As the permanent object of the France-America Committee, which was organized long before the present war, is to perpetuate the traditions and bonds of friendship which bind the governments and peoples of France and America together, our guests will readily appreciate why France should seem, at the moment, to be foremost in our thoughts.
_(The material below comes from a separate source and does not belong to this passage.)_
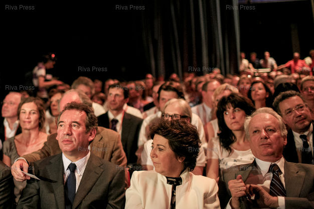 Légende : 24/05/2007-PARIS- François Bayrou (G), président du Mouvement démocrate (MoDem), dans les tribunes du Zénith pour le meeting de lancement de la campagne législative du nouveau parti centriste. Avec la présidente de Cap 21 Corinne Lepage (C) et le député européen Jean-Marie Cavada (D). PHOTO: Vincent NGUYEN / Riva Press ***

Monsieur Homberg, Monsieur Mallet: Le Comité France-Amérique de New York éprouve un très vif plaisir à saluer en vous les délégués de la République Française. Le Comité tient à vous témoigner l'amitié des Américains pour la France, notre admiration de l'héroïsme que le peuple français de toutes classes a montré pendant l'année affreuse qui vient de s'écouler, nos ardentes sympathies pour vos souffrances, et nos souhaits pour votre avenir.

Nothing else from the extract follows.